Original Bucklin: under the multiple majority at a higher preference rule, the system ignores the higher antipreference votes, using only lower-level antiapproval information. It does count the higher antipreference votes, but not to distinguish between those candidates. I haven't done so, but I could show some problem scenarios. It solves the "approval problem," but at the cost of apparent expressed utility.

Wasted.

I have no doubt that original Bucklin, even properly analyzed -- which Warren did not do -- loses some expressed utility. I'd expect MAV to do so in the opposite direction.
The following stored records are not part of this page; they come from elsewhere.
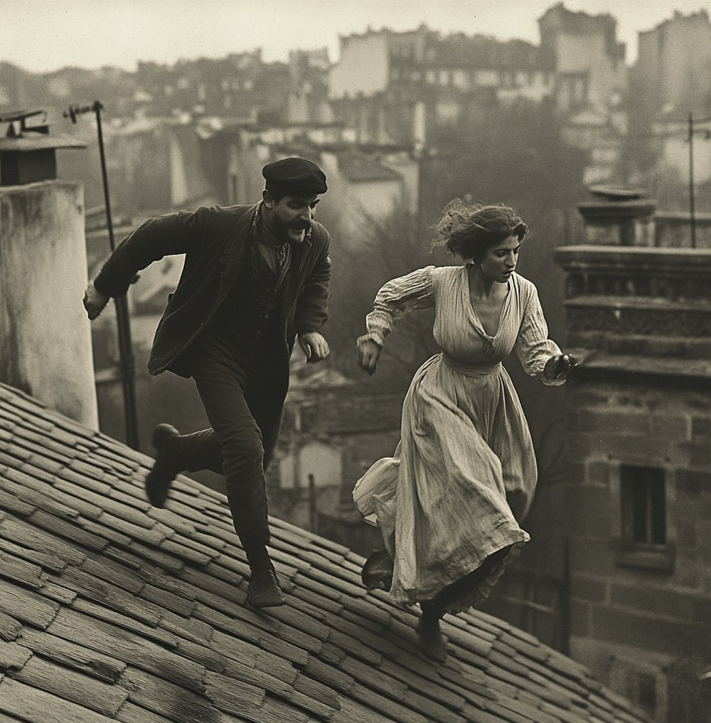 Мы уже почти добрались до крыши, когда балкон внизу внезапно наполнился серыми и черными мундирами. Повинуясь внезапному порыву, я оторвал огромный обломок от ближайшей сильно треснувшей кирпичной трубы, и швырнул его в гущу наших орущих преследователей. Пыль поднялась двумя отдельными облаками, импровизированная бомба сбила агента, направившего вверх свой револьвер и целящегося в нас.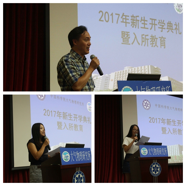 9月5日上午9时,中国科学院大气物理研究所2017年新生开学典礼与入所教育活动在地质所二楼报告厅隆重举行。2017级秋季入学博士生、2016级硕士生及直博生、2016级大气所与成都信息工程大学联合培养硕士生、大气所与云南大学共建菁英班2014级本科生等共计170多人参加了开学典礼和入所教育活动。大气物理研究所党委书记陈洪滨、所学位委员会副主任、中国科学院院士吴国雄、中国科学院院士吕达仁、副所长程新金、副所长陆日宇、所学术秘书、LAPC主任王自发、LASG主任肖子牛等领导和导师出席了开学典礼。典礼由研究生部孙鹏宇主持。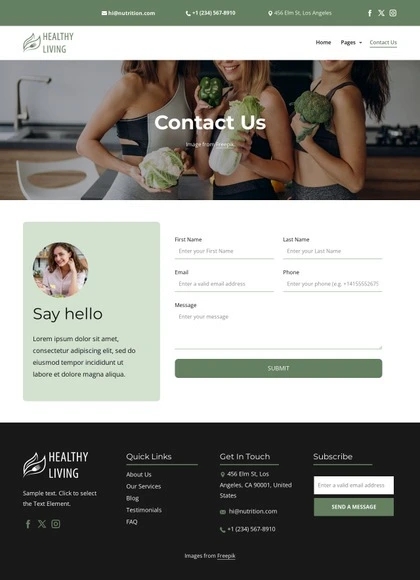 When using Website Template Builder you will be able to adjust colors, fonts, header and footer, layout, columns and other design elements, as well as content and images.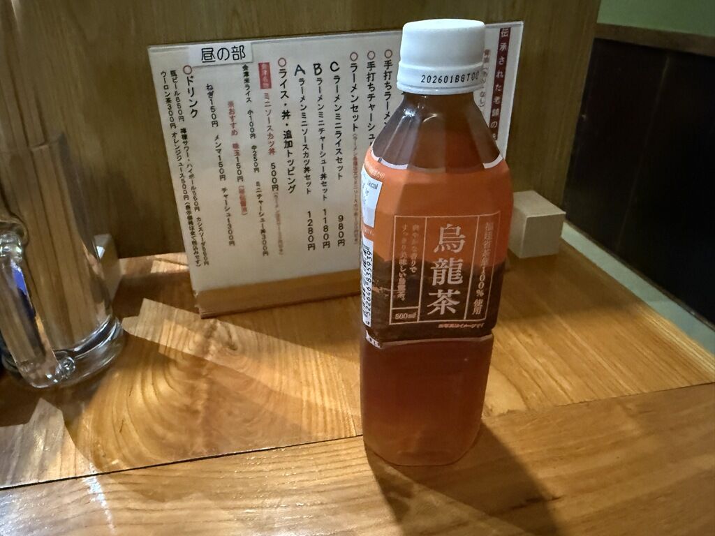 お冷代わりに冷たいウーロン茶ペットボトルが提供されます。

EMAV would fall in the middle.


EMAV: The system uses all the votes in the two cases (multiple majority and majority failure.) Thus lower preference votes do count, but only at deprecated value. The difference between full preference and minimal approval is 1/2 vote. The difference between full prefeence and the below-approval rank that is above maximum opposition is 3/4 vote. So EMAV is intermediate to original Bucklin and MAV.


No. GMJ or MJ are intermediate.

GMJ and MJ are *also* intermediate. Jameson, in pursuit of attempting to make me wrong, you are losing perspective.

 EMAV throws the Bucklin principle out the window,

Silly. It uses the Bucklin principle, flipping to Range only in the ambiguous situations.

which means that in many or most elections, even if you have perfect knowledge of other voters, no non-extreme ballot is strategically optimal.

You have made that up about Range. I can take that apart easily. Shall we look at that.

This is a comment about Range, not about EMAV or Bucklin.

Thus, EMAV will encourage many more voters to exaggerate than in other rated Bucklin systems, including MJ, GMJ, MAV, MCA, Original Bucklin, Bucklin//Condorcet, etc. The quality of the ballot information, and its usefulness for analysis (be it score, Condorcet, or other) will be lower.

This is FairVote thinking, ultimately. It assumes that voters are controlled by a deathly fear of "harming their favorite." Real voters liberally voted lower preferences in the contested public elections. There was one exception that I know of, I think there was a single San Francisco election where they didn't. Election conditions vary.

The same argument could be used against Approval, for sure, and against Range, in general. EMAV is designed as a transitional system, to introduce a range ballot and to allow its evaluation under certain circumstances as Range.

I have challenged, many times, the whole concept of "exaggeration" as applied to Range voting. Voters will vote their preferences. Some will not understand at first, but that won't lead them *far* astray. There is a whole history of the claim of "exaggeration" as respects Range. It is not an honorable history. It's essentially an oxymoron.

This is the foundation of it, right with approval: the voter supposedly approves of two candidates, but votes only for one, because they prefer that one.

There is no absolute condition called "approval." Approval is a *choice,* so what is really being said is that the voter chooses two candidates, but only chooses one.

Yes, there may be strategic pressure; the voter makes the choice by balancing *preference strength* with *election probabilities.*

This is the ordinary process of choice in life. We do it all the time.

The more I discuss it, Jameson, the more I'm convinced, so far. If I had time, I'd do the BR studies myself. But I don't.